Indian Election Changes The Battle Over Anti-LGBT Law

Published: May 28, 2014

In the eyes of many LGBT activists in India, the election victory of the Bharatiya Janata Party in this month’s elections was a setback for efforts to overturn the country’s anti-homosexuality law. At the least, their work becomes more complicated now.

The complications may affect upcoming proceedings before the Supreme Court, which has agreed to review its order of last December that reinstated anti-gay Section 377, which had been suspended four years earlier by the High Court.

The previous government, led by the Indian National Congress party, had sent mixed messages about the law. The Telegraph of Calcutta (Kolkata) stated:

“While the home ministry supported it, the health ministry contended that it was against criminalisation of gay sex. … “While several senior Congress leaders, including Rahul Gandhi and Kapil Sibal, criticised the Supreme Court order, with elections in mind, they didn’t actively seek to repeal the law in Parliament.”

Now the Bharatiya Janata Party takes over, with its own complex relationship to the law. New Prime Minister Narendra Modi “has been resolutely silent on the issue of homosexuality and LGBT rights,” BuzzFeed reports.

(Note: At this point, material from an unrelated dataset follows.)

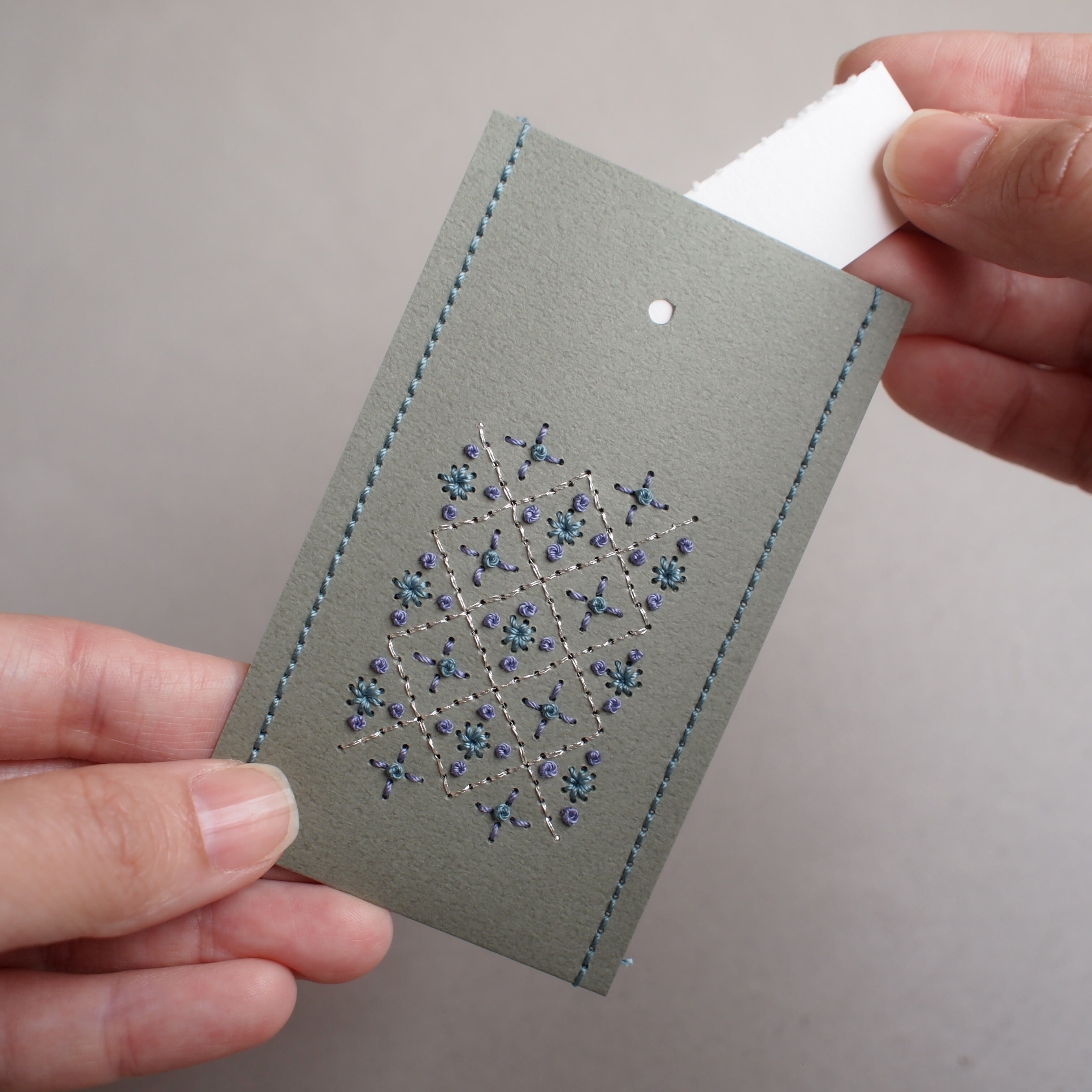 「想いを添える」をコンセプトに、埼玉県飯能市を拠点に、紙と紙刺繍という技法を使ったものづくりをされています。「日々の中に馴染みのある紙だからこそ表現できる”あたたかみ”と、”紙に刺繍をする”という技法の新鮮さを、ぜひお手に取って感じていただけたら嬉しいです。」と、作家の小針さんは仰います。

One Indian columnist added in First Post, “I don’t think any of our LGBT citizens have any cause of concern. It’s not that Modi doesn’t support gay rights. He has not officially said anything about the subject. Only Rajnath Singh made a statement supporting section 377. And who cares about that guy. He has been given an insignificant ministry and is on his way to even losing his position as the BJP president.”